To me that speaks to the question of why this investigation is necessary. Certainly, a lessening of competition would be a concern if customers then had to pay higher prices, or their choices were more restricted, or if other services from festivals to cafes were put at risk, and the Commission is required to answer this point. The question the Commission is not required to answer is if a lessening of competition is in itself a bad thing.
So on one side, the Commission is considering that a lessening of competition will mean higher prices, and is not accepting the evidence that their only proposed solution would cause all of the problems it sets out to solve, and more. This also rests with the question the Commission asked, which as I understand it is whether selling a cinema would solve the problem of lessening competition. Of course it would, but they are legally obliged to ask the wrong question and seemingly everyone else is powerless to step in and ask the right one.
2. The OFT’s initial report indicated that Cineworld and Picturehouse operate in different markets
This is not the case: paragraph 110 of the OFT’s report of June 5 referring the merger to the CC states: “The OFT has analysed the transaction against a market for film exhibition services in this case. It has considered whether it is appropriate to segment this wider market by art-house and multiplex cinema. The parties failed to provide sufficient evidence in support of their arguments that the product market should be further segmented.”

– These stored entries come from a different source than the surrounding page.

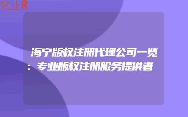 - 海宁版权注册代理公司一览:专业版权注册服务提供者
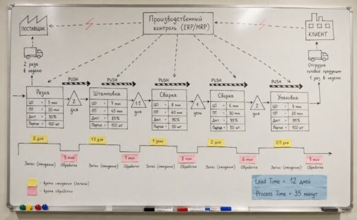 Карта потока создания ценности (VSM, Value Stream Map) — позволяет увидеть весь поток производства от сырья до готовой продукции: где создается ценность, где материал просто ждет, каково время цикла каждого этапа, каковы запасы между этапами. VSM — один из самых мощных инструментов для системного взгляда на потери.
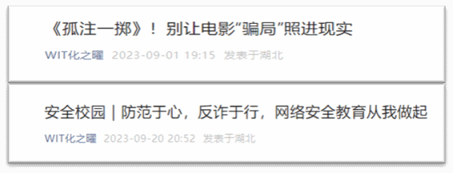 开学以来,学院认真响应湖北省教育厅、湖北省地方金融监督管理局《关于开展防范非法校园贷和电信网络诈骗教育的提示》和银河国际在线登录关心下一代委员会《关于开展“大学生国防、安全、心理健康教育” 公益大讲堂活动的通知》的号召,广泛宣传反诈知识和积极动员学生参与创作反诈网络文化作品,发布网络安全、反诈教育相关推文,引导全院学生学习“星空班会——五个电话(2023版)”和“小心 ‘炸弹’ —— 校园版 ‘孤注一掷’ ”网络小课堂,收到学习截屏540余张,公益大讲堂线上课程累计观看7300余次,组织召开线下主题教育班会40余场,收取以班级为单位的学习心得40余份,激励学生拍摄反诈相关情景剧作品9部,其中,《防诈超重要》反诈宣传视频在抖音播放量达4.3万。

Indeed it does. Some other paragraphs from that OFT report on 5th June. Here’s paragraph 18.
The OFT notes that multiplexes are free to screen any type of content on their screens, subject to agreement with the film distributor. A third party competitor has noted that they will program a screen according to local demand characteristics. As such, if an art-house cinema is performing well in the area, they may increase the amount of specialist content they exhibit.
And paragraph 25.
The OFT acknowledges that the merging parties appear to supply a differentiated offering and service, and may have different average customer demographics who have different reasons for visiting the cinema. Nevertheless, the evidence available to the OFT, as outlined in detail as part of the competitive assessment below, despite the differentiated offering, points to the merging parties competing and, in some cases, competing to a significant degree.
So there were some fine margins in this decision in the first place. For anyone wishing to buy one of the small capacity cinemas being put on sale, paragraph 28 might give them pause for thought:
Smaller size cinemas may also, to some extent, have limited ability to exert a competitive constraint on multiplex cinemas due to possible capacity constraints at peak times. However, multiplex cinemas do not suffer capacity constraints to the same degree as smaller cinemas; their size and location do not limit their ability to exert a competitive constraint on smaller sized cinemas.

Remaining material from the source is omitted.